On Thursday, the US will publish inflation data for July. They will show whether price pressure is decreasing and whether the Fed is really close to completing an aggressive cycle of raising interest rates.

Lower numbers will increase the likelihood that Fed policymakers will refrain from raising interest rates at the September meeting after raising by a quarter of a percentage point last month.

On Friday, the US will publish data on the consumer price index for July.
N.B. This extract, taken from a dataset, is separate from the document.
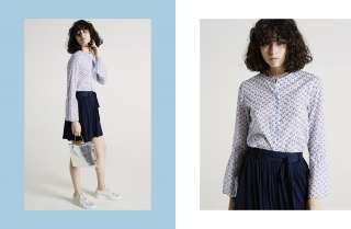 It is a women’s blouse in printed Albini cotton muslin, in very light fabric featuring loose plain weave and a lively pattern in white and blue inspired by spring.

At the same time, it is expected that the main producer prices will increase by 2.3% compared to the previous year.

During the coming week, Philadelphia Fed President Patrick Harker, Atlanta Fed President Rafael Bostic and Fed Chairman Michelle Bowman will speak.
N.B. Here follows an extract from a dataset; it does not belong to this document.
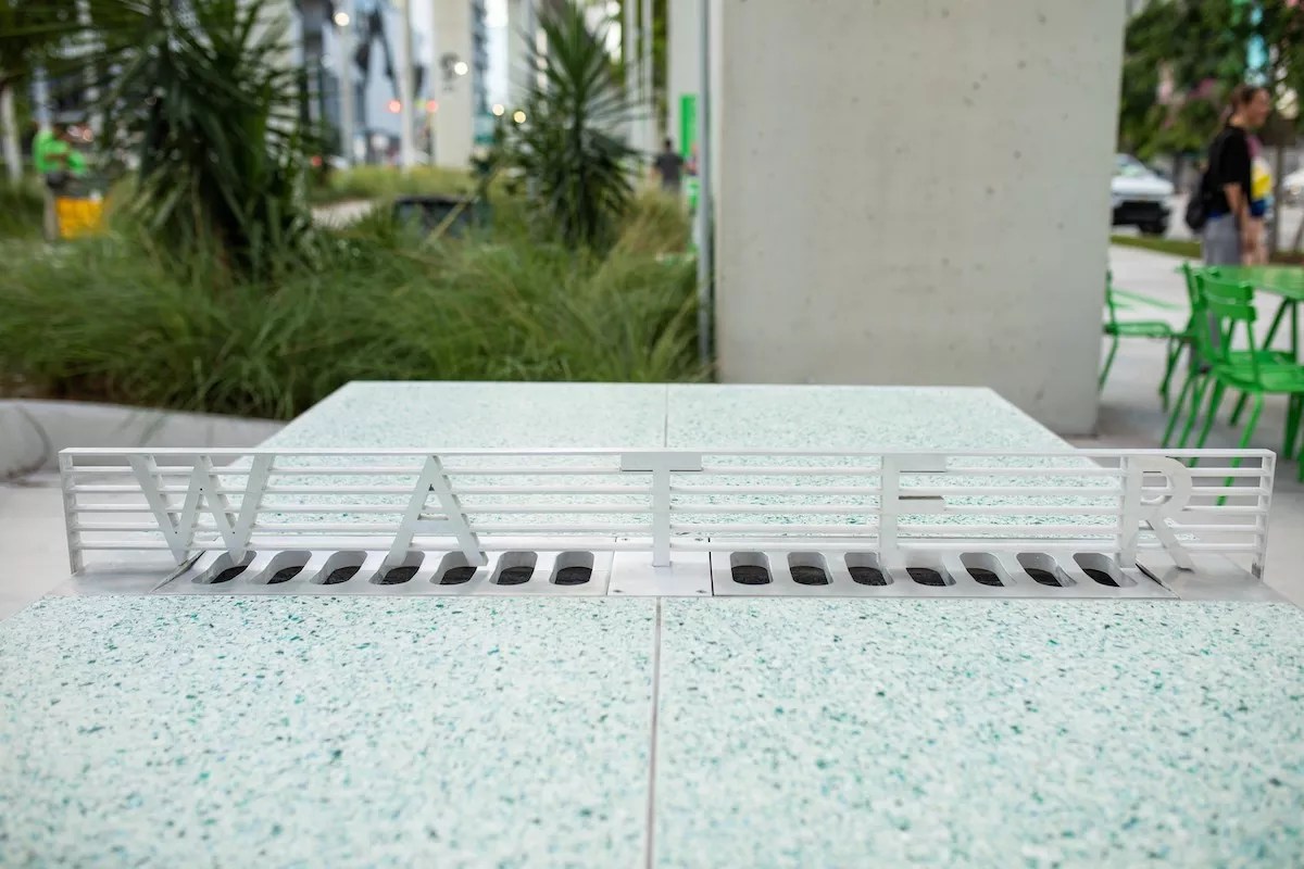 Underneath Miami’s Metrorail tracks in Brickell sit two distinctive Ping-Pong tables. The tables look almost like inverted pyramids made of concrete. Here, the typical mesh net that divides the table is made of metal and spells out the word “water” on one and “table” on the other. As you walk by them, you can almost imagine the tables calling out to you to come and play.

Pause in stock market rally

The short-term trajectory of the stock movement may depend on whether Thursday's inflation data indicate a decline in consumer prices.

Investors are also closely watching the dynamics of Treasury bond yields, which have shaken the markets in recent days, rising to new annual highs after the downgrade of the US credit rating by Fitch.

Rising yields on treasury bonds, which are considered among the safest investments in the world because they are backed by the US government, may weaken demand for stocks.

U.S. employment data released on Friday showed that while job growth continued at a moderate pace in July, wage growth remained faster than expected, reinforcing concerns that the Fed may keep rates at a higher level for longer.

UK GDP

U.S. employment data released on Friday showed that while job growth continued at a moderate pace in July, wage growth remained faster than expected, reinforcing concerns that the Fed may keep rates at a higher level for longer.

The Bank of England raised rates in the UK to a 15-year high of 5.25% last Thursday, which was the fourteenth consecutive increase.

Inflation in the UK reached a 41-year high of 11.1% in October last year and declined more slowly than in other countries, amounting to 7.9% in June. This is the highest indicator among all major economies.

Deputy Governor Ben Broadbent said that maintaining relatively high rates over a long period was key to reducing inflation, even though the Bank of England sees only minimal economic growth in the coming years.

Inflation in China

China will publish trade data today, followed by inflation data for July on Wednesday. They are expected to show a drop in consumer prices amid concerns about the prospects for the world's second-largest economy.

China's economy rebounded strongly in the first quarter after severe restrictions were suddenly lifted at the end of last year due to the pandemic, but the recovery has slowed in recent months due to weakening demand at home and abroad.

In recent weeks, authorities have taken a number of policy measures aimed at supporting the flagging recovery, although details have been scant and investors expect more.

Eurozone data

In the eurozone, Germany will publish data on industrial production. The report is expected to show a decline amid slowing global demand, especially from China.

The German economy stagnated in the second quarter of 2023, failing to meet forecasts for moderate growth. Weak purchasing power, higher interest rates and low factory orders have put pressure on the eurozone's largest economy.